Kuratorin Felicity Korn über die Ausstellung zu Hans-Peter Feldmann in Düsseldorf – Sammlung 09/25

Der Künstler eignete sich Werke anderer an, verfremdete sie oder stellte sie in neue Kontexte. Das Museum Kunstpalast zeigt die letzte Ausstellung, an der Feldmann vor seinem Tod 2023 mitgearbeitet hat.

engels: Frau Korn, wo fängt bei Hans-Peter Feldmann die Kunst an?
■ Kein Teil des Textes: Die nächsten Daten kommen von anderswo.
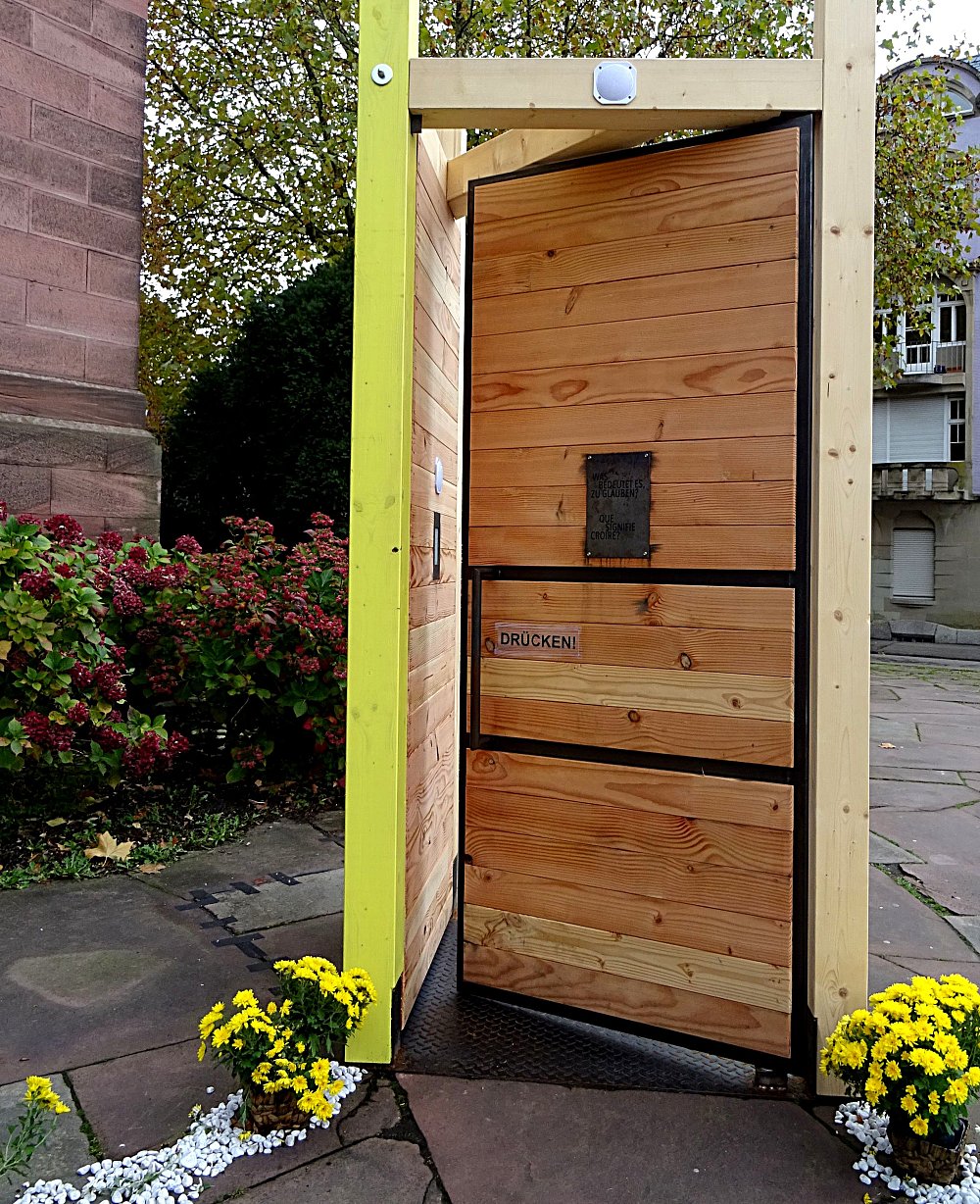 Neu ist diesem Jahr eine Installation der katholischen Seelsorgeeinheit auf dem Vorplatz vor St. Peter und Paul. Die Installation einer überdimensionalen Tür lädt Besucher zum „Durchgehen“ ein: Die „Tür“ stellt auf ihrer Vorderseite die derzeit besonders aktuelle Frage „Was bedeutet es zu glauben? | Que signifie croire?“. Wer hindurch geht, erhält eine kurze audiovisuelle Antwort in Form eines Zitats von Persönlichkeiten, die sich zu dieser Frage Gedanken gemacht haben: von Buddha über Paulus und Mohammed bis Karlheinz Deschner. Das Durchgehen und die verschiedenen Antworten aus der Zeitgeschichte fordern die Besucher heraus, sich über das „Glauben“ eigene Gedanken zu machen. Die Installation wurde von der Firma mediaville in Weil am Rhein in Kooperation mit der Seelsorgeeinheit An der Schutter im Auftrag der Erzdiözese Freiburg realisiert. Sie bleibt bis zum Ende der Chrysanthema aufstellt.

Felicity Korn: Das ist genau die Frage, die unsere Ausstellung stellen will und die auch Hans-Peter Feldmann in seiner Kunst beschäftigt. In seinen Werken geht es eigentlich immer darum, dass er das Nachdenken darüber anregen möchte, wo die Kunst anfängt und der Alltag aufhört und wo sich beides vielleicht begegnet. Ist es überhaupt möglich, Grenzen zu ziehen oder fließen Kunst und Leben ineinander? Jede:r hat eine andere Perspektive auf die Frage. Feldmann möchte die Grenzen, die der Kunstbetrieb suggeriert, aufbrechen. Dies tut er mit einer gewissen Lockerheit und Leichtigkeit.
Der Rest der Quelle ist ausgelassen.